Un periplo fantástico – El País

Un periplo fantástico

26 abril, 2019 | 2:10 am | Columnistas
Un periplo fantástico

Héctor Fortín

Por una gentil invitación de un amigo poeta, recorrí las viejas calles del barrio donde viví mi infancia, la nostalgia hizo acto de presencia y zalameramente empezaron a caer las piedras sobre el techo de mi viejo cerebro, me mire con mi cabeza de ángel cubierta de negros cabellos sobre mi frente, quizá no inteligente, pero muy sensible y como verdadero representante de los hijos de mi patria ¡ah! Recuerdo fiel de aquel tiempo de desazón y miseria, aquellos interminables días encerrado en aquella casa de caña y barro, donde tuve tiempo para leer los escritos de la antigüedad; los clásicos, griegos, latinos, franceses e ingleses, alemanes y como olvidar los italianos y españoles; donde encontré los tres poderes, (filosóficos, oratorios e históricos). Quizá la saciedad precoz que desalojo la flor más pura de mi niñez, haya sido la causa del viraje decisivo de mi vida, confieso que he estado alejado de la felicidad y distanciado de la fortuna, pero también aprendí desde niño que nada era mío, ni de mis antepasados, ellos no tuvieron nada ni el pedazo de tierra donde hoy se pudren. ¡Y nos siguen llamando hijos y dueños de la patria!

Se sabe que la sociedad, señala el camino a seguir, tal vez sea cierto para las mayorías, pero siempre he buscado un atajo para sentirme libre; lejos de esta sociedad que enseña, el odio, el miedo y la sumisión. Los psicólogos han formulado la teoría sobre el aprendizaje social por medio de la experiencia directa o por la observación; en nuestra infancia somos sometidos por la férrea dictadura de nuestros padres y de los maestros, provocando la sumisión de nuestro carácter, dejándonos como fáciles presas de la manipulación psicológica del poder, ese carácter sumiso nos quita la confianza dejándonos más solos, aislados y atemorizados esta frustración se refleja en la expresión y la pérdida de lo sensual y la continua amenaza de nuestra existencia individual, al final nos prepara para experimentar un sentimiento de hostilidad y resentimiento; es que la represión directa de nuestras pulsaciones puede hacer muy poco, aunque durante mucho tiempo las pulsaciones se queden soterradas, tarde o temprano volverán a la superficie en forma retorcida.
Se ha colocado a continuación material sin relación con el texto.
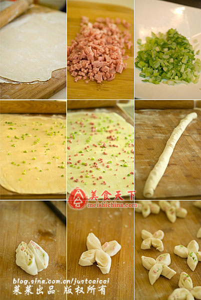 中筋粉300g、水140g、盐一勺、糖20克、酵母4克、香油2勺、盐若干、香葱、火腿片2片。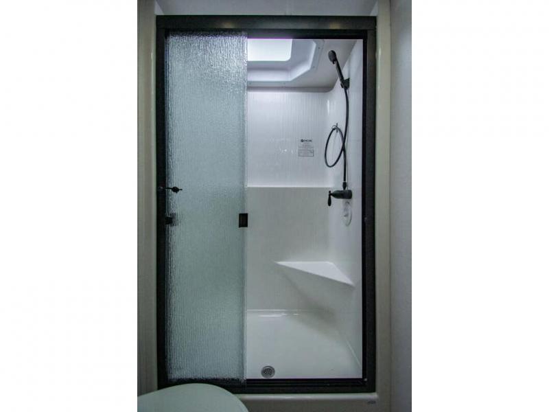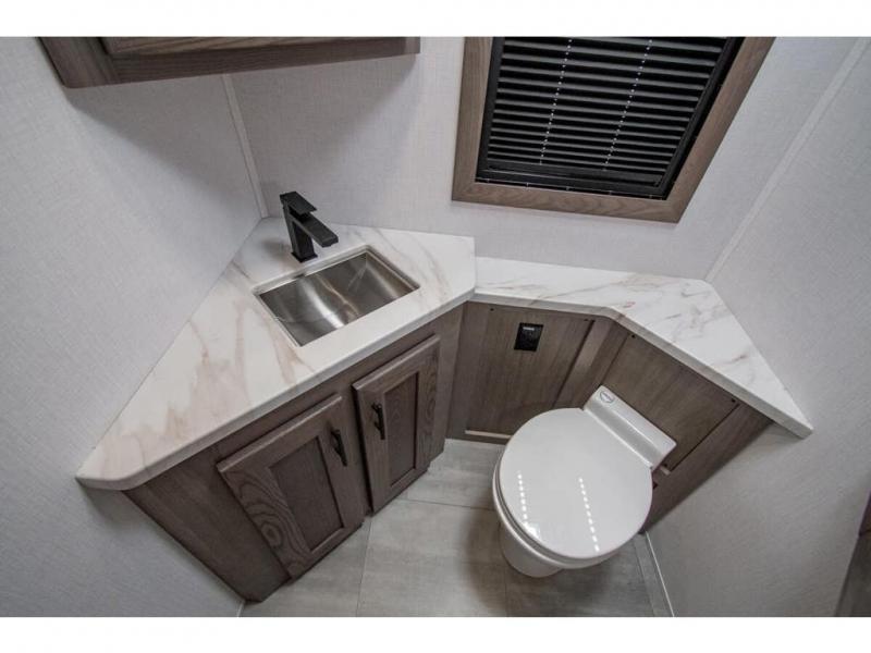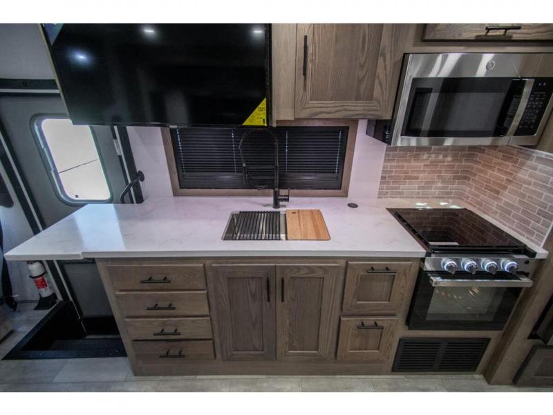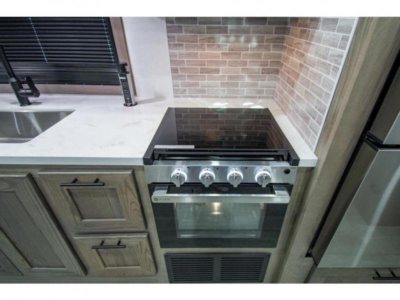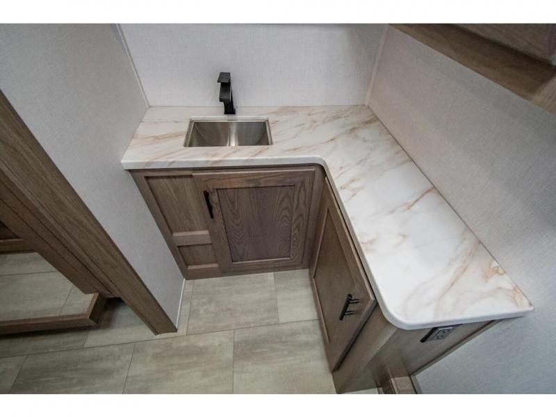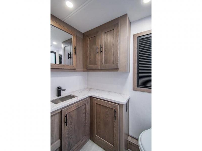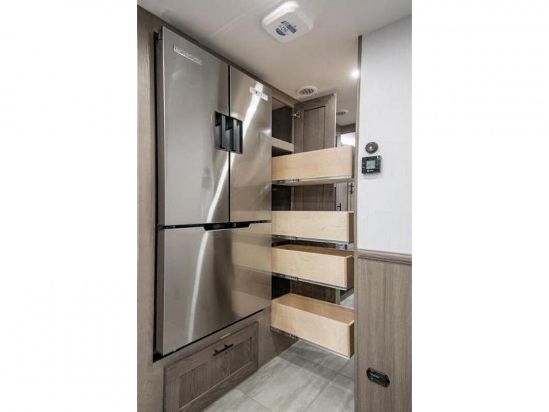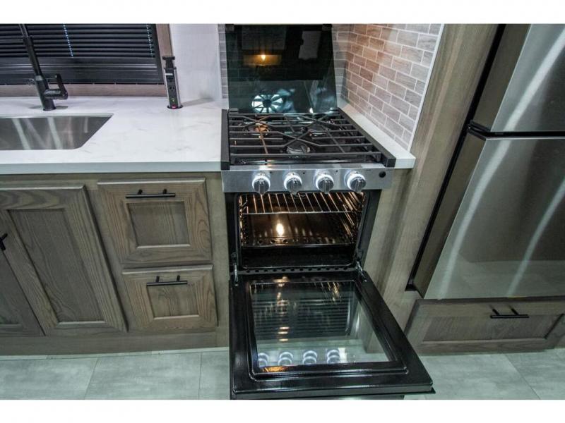 If you're looking for more space when you travel and a little more convenience, this coach may just be perfect for you! Not only will you enjoy a master bedroom with a full rear bath, but your guest will have the mid-coach half bath for easy use! A king bed slide out will provide a great night's rest each nigh, and you'll appreciate dual bedroom wardrobes to keep your clothes organized. There is also a wardrobe with stackable washer and dryer prep if you want the option to make laundry day easier. Head to the kitchen to prepare breakfast on the stainless steel three burner cooktop, or you can use the 30" residential over-the-range microwave. There is a wrap-around booth dinette where you can dine together plus 68" power theater seating across from the 32" 12V TV for easy viewing. This model also includes secure overhead storage above the cab where you can put luggage, lawn equipment, board games, and more!
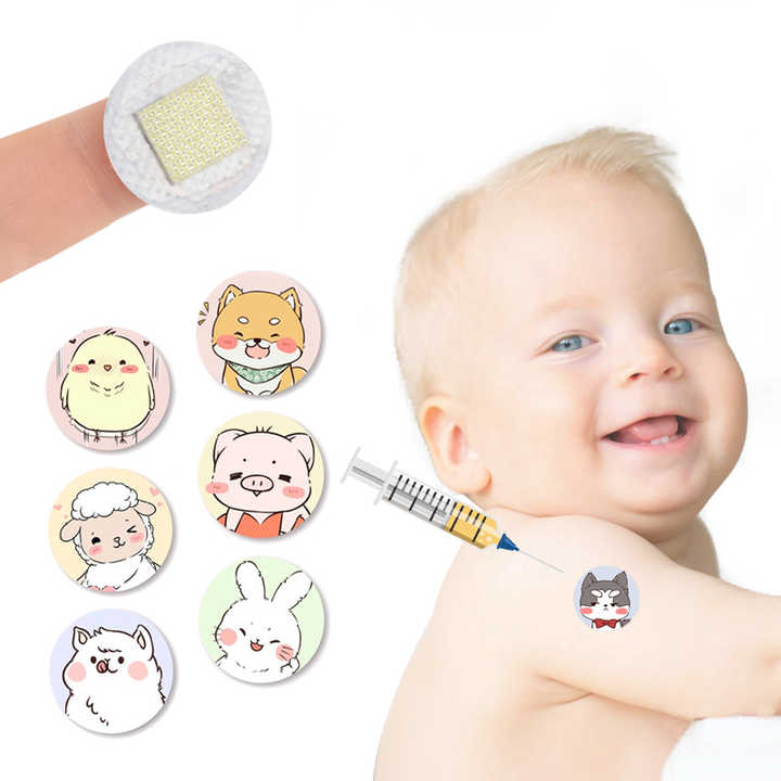 HK สติกเกอร์ป้องกันการฉีดวัคซีนทำจากวัสดุ PE แถบลายการ์ตูนน่ารักลายการ์ตูนกระเป๋าขนาดเล็กแบบพกพาเพื่อความปลอดภัย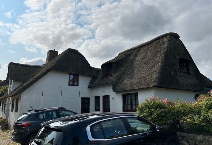 Unser Reetdachhaus liegt an einer ruhigen Strasse im alten Ortskern von Wyk-Boldixum in unmittelbarer Marschnähe. Wir haben 2 Ferienwohnungen, die über eigene Eingänge verfügen.Parkplätze befinden sich direkt am Haus. Fahrräder parken Sie in einem verschlossenem Abstellraum. Eine Gemeinschafts-Waschküche mit Waschmaschine und Trockner ist kostenfrei benutzbar. Ferner verfügen beide Wohnungen über kostenlosen WLAN-Zugang.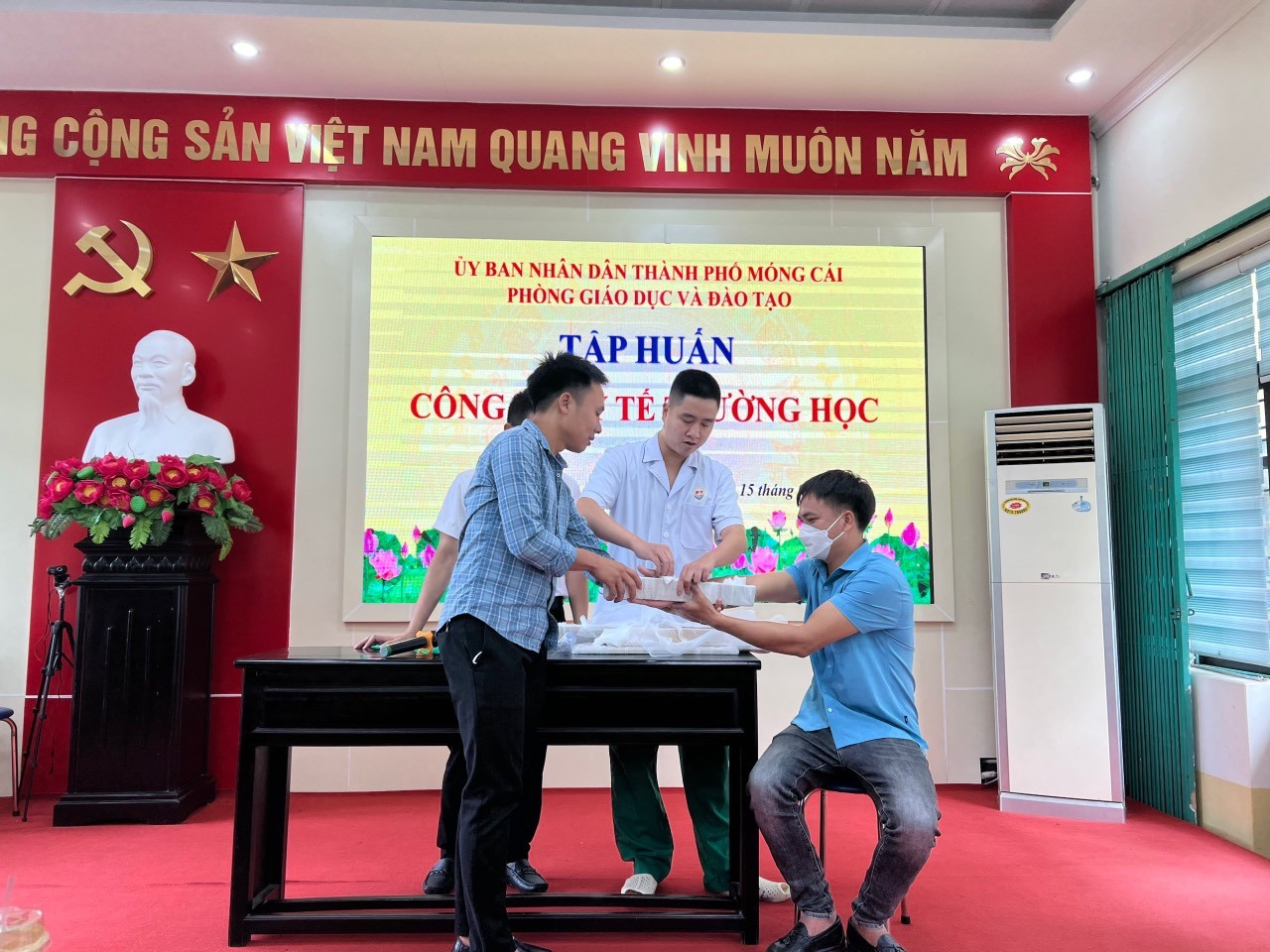 Ngày 15/9/2023, Trung tâm Y tế TP Móng Cái phối hợp với Phòng Giáo dục và đào tạo TP Móng Cái tổ chức tập huấn công tác y tế trường học cho 118 cán bộ phụ trách y tế của các trường học trên địa bàn thành phố. Lớp tập huấn do y – bác sĩ của Trung tâm y tế thành phố Móng Cái trực tiếp truyền đạt.

Por eso en este mundo social de previsiones de enlaces establecidos maquinalmente es imposible que surja la individualidad, porque dentro de este criterio de cálculo y estadística, no interesa el individuo pensante, sino el hombre masa para realizar determinada tarea, su única seguridad es el número que le corresponde en los cálculos de los políticos, es decir es el número justo que le faculta para ejercer el sufragio cada cuatro años; para luego continuar en la anarquía y en la inseguridad plena e irresponsabilidad en la que vivimos y por eso estamos propensos a caer ineludiblemente en la voluntad de un caudillo, que se aprovechara del complejo de inferioridad, de los complejos sumergidos y del resentimiento para someternos.

El carácter agresivo del hondureño se manifiesta en el continuo rechazo de las normas sociales, éticas y jurídicas; en este nuevo siglo va en aumento y va adquiriendo nuevas formas, podemos apreciar la toma de nuestras calles, por los buhoneros, esta forma de violencia es tan compleja, trágica, intensa y devastadora para el transeúnte; estos señores actúan en forma agresiva y de manera hostil contra el peatón, mostrando su voluntad de poder por medio del grupo, tratando a los demás ciudadanos como simples objetos, que deben de utilizar para conseguir sus metas.

Los conductores, el comerciante el industrial, la ama de casa, los maestros, etc. Muestran a diario la conducta violenta, como producto de la homogeneización que ha hecho la educación, enseñando que el mundo es malo deshumanizado y violento.

En nuestra sociedad se estimula la posesión y se desdeña el espíritu creativo; dándole honor, poder y respeto a la riqueza; más bien que a la sabiduría, consagrando la injusticia de los que tienen para con los que no tienen.

Por ultimo pasamos por la escuela donde curse mi primaria ¡Perdón la casa de los Ogros! Quizá ese recuerdo me sirva de catarsis. Le pregunte al poeta. ¿Por cuánto tiempo seguiremos en la estación, esperando el tren y al conductor, que nos lleve al desarrollo y la libertad?